The *R^2* for the fit of an exponential function against the number of COVID-19 cases in the US between March 5 and March 11 is 0.994 and 0.998, depending on which Wikipedia method you use. Excel reports* R^2 *= 0.996, by whatever way it calculates it.

In any case, an exponential fit to the data has implications, and an important implication is the rate at which the values increases. In the case of an exponential function, the ratio between any two adjacent values is constant, and the ratio between any pair of numbers with the same spacing is constant. In the case of our example. The ratio between any adjacent pair is 1.33, between every second pair is 1.78, and between every third pair is 2.37. Thus, the number of cases increases by 1.78 times every second day and 2.37 times, more than double, every third day. That’s very scary for a disease, especially one as deadly as COVID-19.

Not all data is well approximated by an exponential function, however. For example, the number of cases by day in Wisconsin from March 24 to March 29:

If we fit an exponential curve to these data points, the numbers don’t look unreasonable, but the* R^2* = 0.987, and the graph looks like this:

You can clearly see that the line is above the first data point, below the middle data points, and is back above the last data point. It is curving upwards more than the actual underlying data.

In this case, we can look to fit other curves. For example, we can try a “linear fit”, that is to find a straight line of the form:

*y = m∙x + b*

Where:

*y*is the number of cases (as before)*m*and*b*are both just some constant, like 7 or 0.2983, and these are found by some fancy mathematical process so that the resulting plotted curve is as close to the actual data points as possible (as before)*x*is the number of days into the outbreak (as before)

We can do the math, or get some software such as Excel to do it for us, to calculate:

* m* = 131.97 and *b *= 320.27

If we plug these two constants into the formula above, we get the fourth column of the table. For example:

(131.97) x (1) + (320.27) = 452 and (131.97) x (2) + (320.27) = 584, etc.

With a linear fit

*R^2* = 0.999 and the graph looks like this:

This looks much better, and the implication of a linear fit is that the number of cases increases by a fixed amount each day, 132 in this instance.

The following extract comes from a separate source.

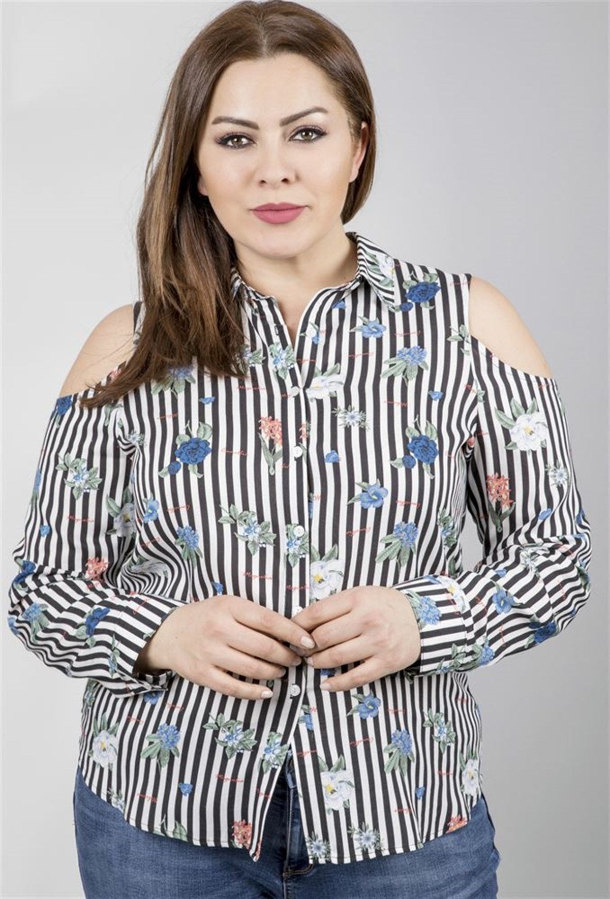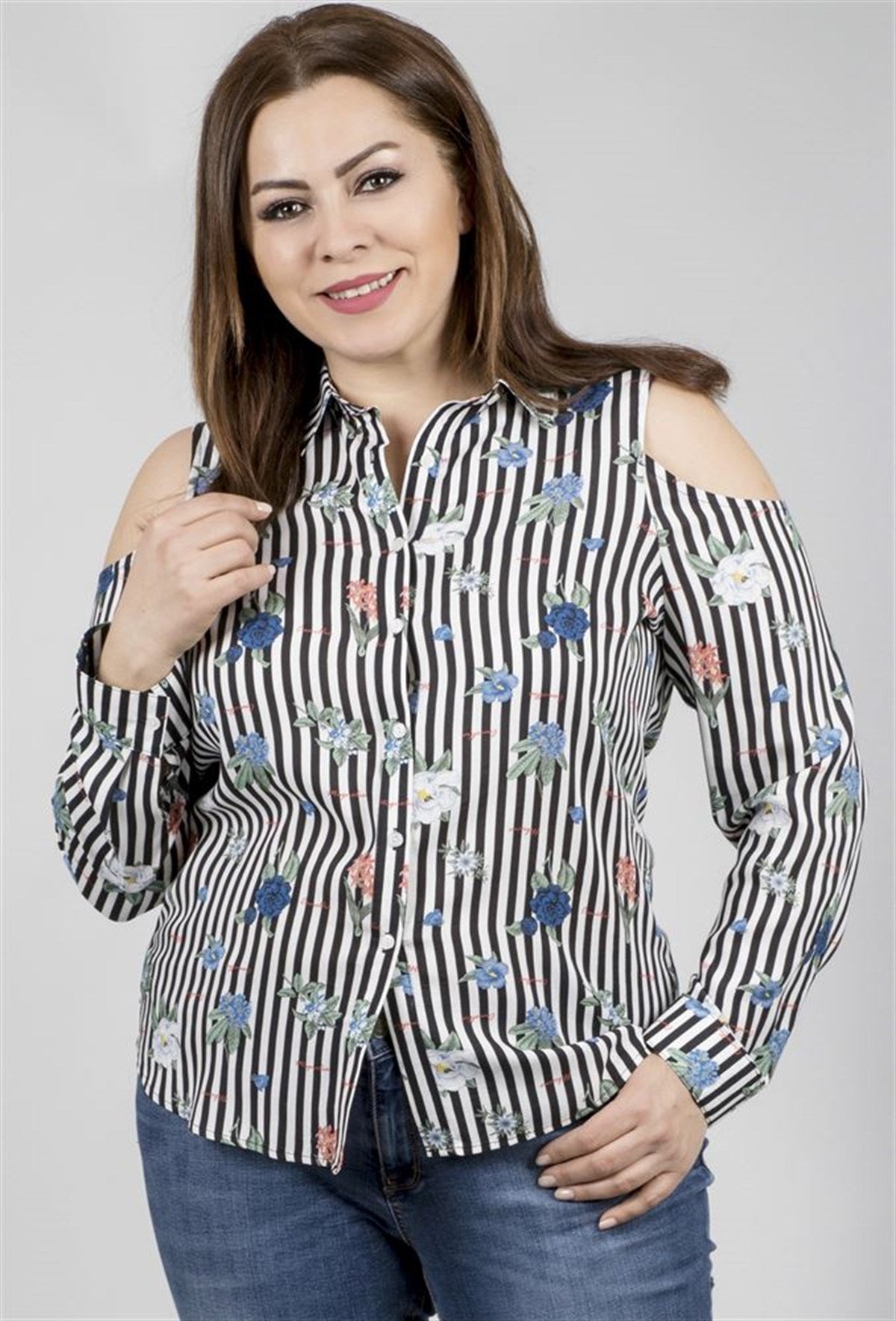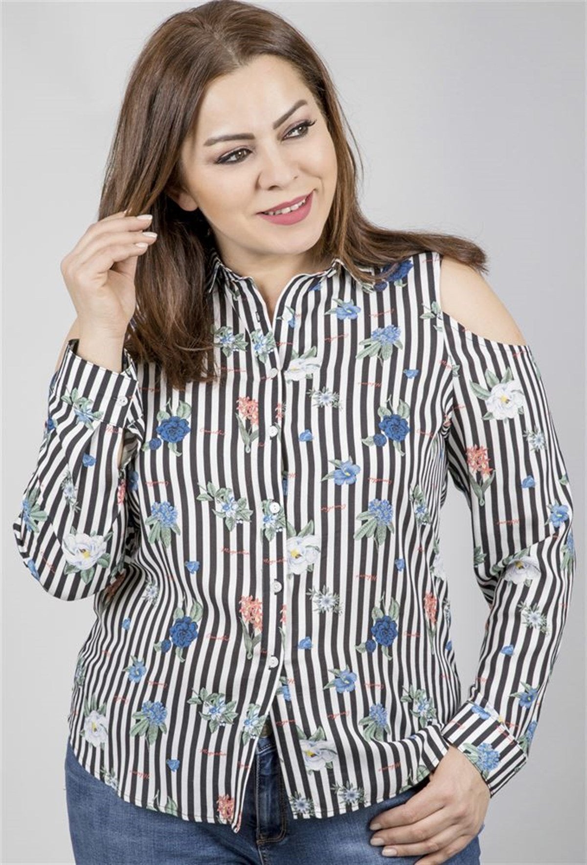Omuzları Açık Uzun Kollu Gömlek

That’s still scary for a disease, especially one as deadly as COVID-19, but not nearly as bad as exponential growth.

One more aspect of exponential functions and graphing is that they appear as straight lines when graphed on a logarithmic scale, which means the values on the graph vertical axis increase exponentially. Instead of 100, 200, 300, etc. they are 100, 1000, 10000, etc.

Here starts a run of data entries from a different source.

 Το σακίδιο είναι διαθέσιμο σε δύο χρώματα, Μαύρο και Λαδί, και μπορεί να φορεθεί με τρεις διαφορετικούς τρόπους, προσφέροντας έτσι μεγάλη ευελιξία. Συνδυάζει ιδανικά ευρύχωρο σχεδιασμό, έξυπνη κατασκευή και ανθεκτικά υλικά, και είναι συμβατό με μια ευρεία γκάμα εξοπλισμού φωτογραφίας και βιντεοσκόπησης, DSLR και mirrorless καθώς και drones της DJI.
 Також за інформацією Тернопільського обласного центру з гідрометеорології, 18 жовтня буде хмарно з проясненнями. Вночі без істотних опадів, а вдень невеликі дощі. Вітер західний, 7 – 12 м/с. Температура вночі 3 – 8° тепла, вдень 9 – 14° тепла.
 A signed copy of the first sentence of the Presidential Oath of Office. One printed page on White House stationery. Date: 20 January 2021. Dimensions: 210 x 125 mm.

Below are the same data points and exponential curve fit to them from the first graph but now plotted against a logarithmic vertical axis

So, how are we looking over the long haul?

The US looks bad, but we are finally increasing at a slower rate than the best fit exponential curve. Instead, a 5th order polynomial has a fit of *R^2 *= 0.9999

It is even more clear when plotting cases per 1,000,000 population

Here also is the case data plotted against a logarithmic scale. You can see the exponential fit appears as a straight line.

The state of Wisconsin, on the other hand, is far below the best fit exponential curve, and a straight line is a much better fit for the last 7 days.

Finally, Milwaukee County is also doing much better than an exponential curve and is even increasing more slowly than the recent linear growth.

Perhaps all the physical distancing we are practicing is finally doing us all some good.